Piszę sam po sobie, bo wątek dawno nie używany, a potrzeba jest. Krótki rzut oka na naszą sondę stwarza okazję do kilku wniosków.
Po pierwsze, zbliżamy sie do 100 głosu oddanego w sondzie. Nawet jeżeli ok. 80% głosów oddał Stefek, to i tak mamy co świętować.
Po drugie, tu ukłon chyba w stronę Leona (jak mniemam na urlopie), ankieta w niniejszym wątku nie odzwierciedla wyników z sondy na stronie głównej. Czy coś da się zrobić, żeby obie się aktualizowały razem?
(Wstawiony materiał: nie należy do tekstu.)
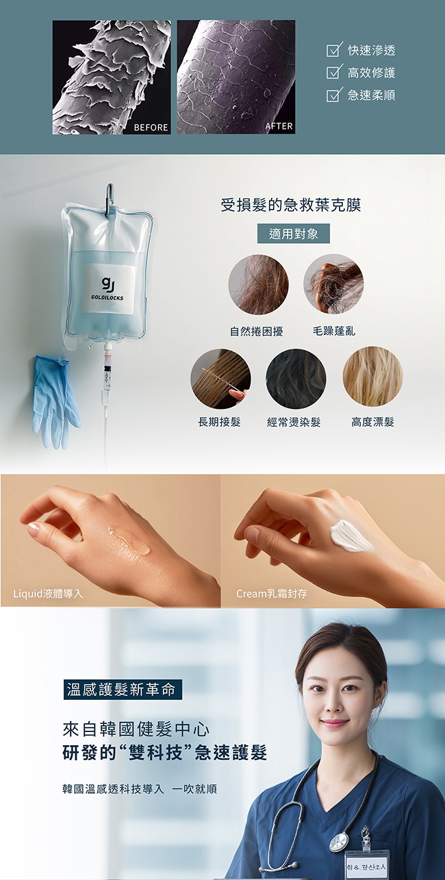 受損髮的急救葉克膜  ✓快速滲透  ✓高效修護  ✓急速柔順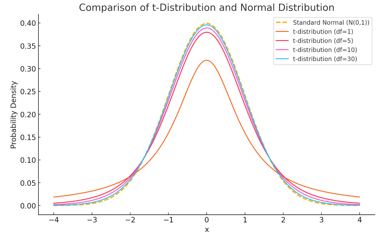 ✔ 자유도가 낮을수록 t-분포의 꼬리가 두껍고, 자유도가 높으면 정규분포와 비슷해진다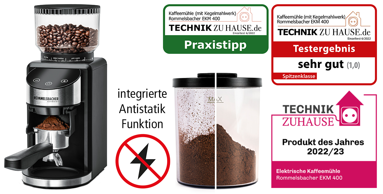 Das Fazit mit dem Testergebnis „sehr gut“ (1,0): „Mit der Rommelsbacher Kaffeemühle EKM 400 hat man ein Gerät der Spitzenklasse. […] Zwei unterschiedliche Betriebsmodi, die Einstellung von Portionsanzahl und Pulvermenge pro Portion sind Funktionen, die das gewisse Extra bieten […] und sind der Redaktion einen Praxistipp wert.“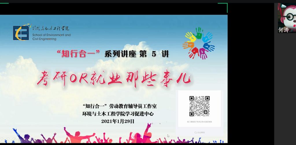 环境与土木工程学院利用线上平台召开2022届毕业生考研就业动员大会暨“知行合一”系列讲座第5讲——考研OR就业那些事儿,帮助同学们尽快明确未来规划。本次讲座由学院团委书记周佳赟主持,土木工程专业辅导员何涛主讲,2018级全体本科生参与。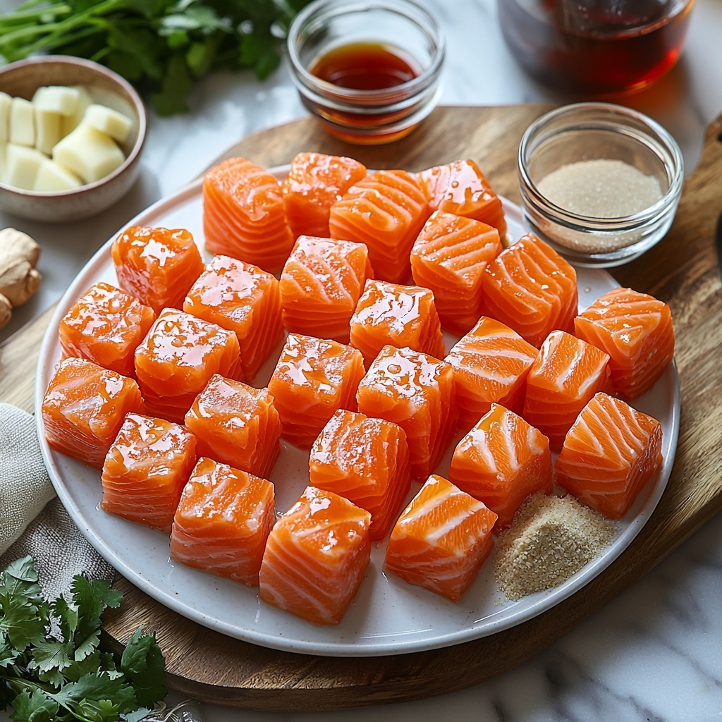 Place the cubed salmon in a large bowl and pour half of the prepared teriyaki sauce over it. Toss the pieces gently to coat them well, then cover and chill in the refrigerator for at least 10 minutes. This gives the flavors time to soak deep into the fish, making every bite a flavor bomb.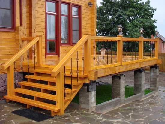 Некоторые частные дома в силу многих факторов, например, проекта и сурового климата строятся из дерева с высоким цоколем, что отражается и на конструкции крыльца. В этом случае оно устанавливается на сваи, что помогает поднять конструкцию на нужный уровень, при этом уменьшив затраты на фундамент.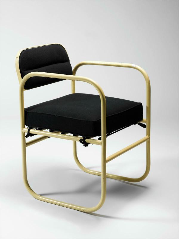 | Technique | Structure en métal tubulaire laqué ivoire. Dossier et assise recouverts d'une cotonnade noire |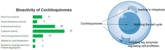 The major biological activities of cochlioquinones include cytotoxic, antibacterial, antifungal, insecticidal, and plant growth-regulating effects (Figure 9). While some structure-activity relationships (SARs) have been elucidated, the precise mechanisms underlying their inhibition of bacteria, fungi, and insects remain poorly understood and warrant further investigation.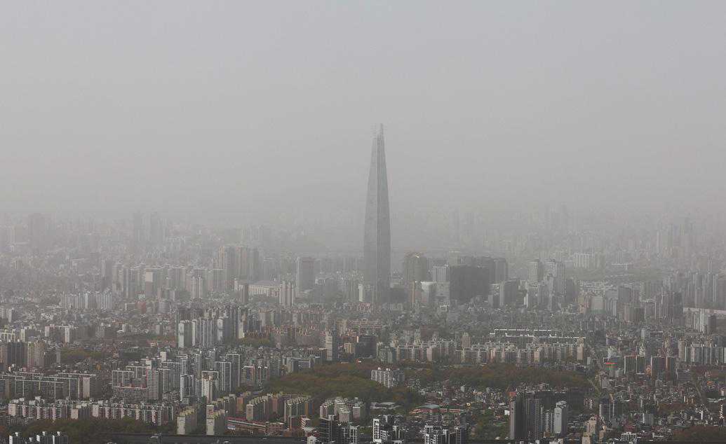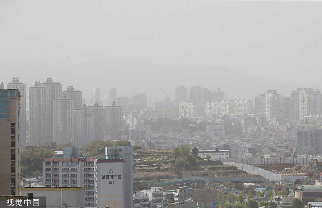 当地时间2023年4月12日,韩国首尔,建筑物被沙尘笼罩。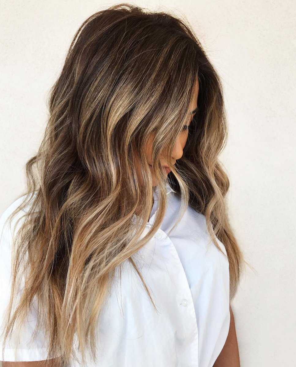 Локоны выглядят естественно, если их окрасить внизу на три тона светлее. Получается эдакий стиль выгоревших на солнце прядей. Прежде, чем осветлять концы, убедитесь что состояние ваших прядей удовлетворительное. Точнее они не пересушены и не ломкие, иначе рискуете остаться без кончиков волос, они просто будут ломаться и опадать.

Po trzecie, ciekawe są wyniki. Może nie te najważniejsze (Dziadek Jacek rules! To oczywiste). Dalej to już jest znakomite pole dla analiz socjologiczno-psychologiczno-patologicznych.
Przede wszystkim dziwi niskie pozycjonowanie przez respondentów Maryli. Przegrywa nie tylko z tym proeuropejskim zboczeńcem panem Słowikowskim (poprawnośc polityczna jedynym europejskim świętym), ale nawet z potwornym mordercą Zachariaszem D. oraz..., o zgrozo, psem Murzynem. Daje to wiele do myślenia na temat psyche ankietowanych.
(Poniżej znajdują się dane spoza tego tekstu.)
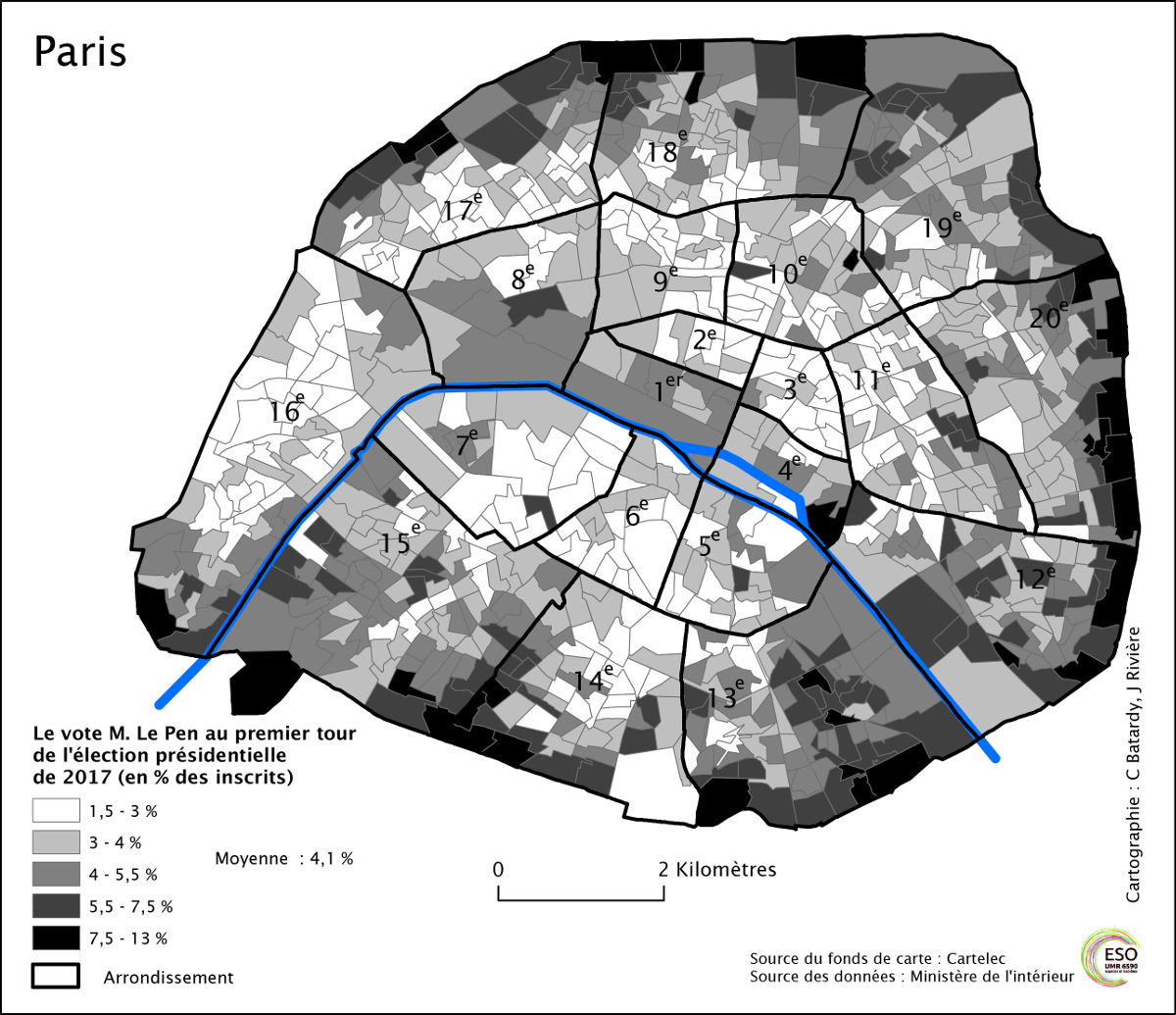 Dans quelle mesure ces interprétations déjà dominantes du scrutin, qui fleurissent depuis le 23 avril, résistent-elles à l’observation concrète, à partir des bureaux de votes, des résultats et de leur cartographie ? Le cas de Paris est particulièrement intéressant dans la mesure où la capitale constitue l’idéal-type de ces villes qui concentrent les élites sociales, économiques et culturelles et qui revendiquent une ouverture sur le monde constitutive de ce que l’on nomme la globalisation. Le recours à l’échelle des 896 bureaux de vote parisiens permet de porter un regard fin sur les dynamiques électorales intra-urbaines observées dans la capitale (annexe 1), dans le prolongement de travaux anciens en science politique (Goguel 1951 ; Ranger 1977) ou de recherches plus récentes en géographie (Rivière 2012 ; Beauguitte et Lambert 2014).

Podobnie Grzegorz, co prawda szmata, ale było nie było, to on jest głową tego domu! A tu po piętach depczą mu zboczeniec, pies oraz (co bardziej zrozumiałe) kapral Jedziniak. Najdziwniejksze jest jednak to, że niewykluczone, że pierwsza szmata domu może przegrać z drugą, a konkretnie z tą spod zlewu w kuchni. Czyli, jak sie okazuje, nawet szmata szmacie nie jest równa! Czy ktoś chce jeszcze coś wspomnieć o równości społecznej?
Czy są na statku socjolodzy? Nie? To może chociaż jakiś humanista się odezwie i wytłumaczy o co chodzi z tą ankietą?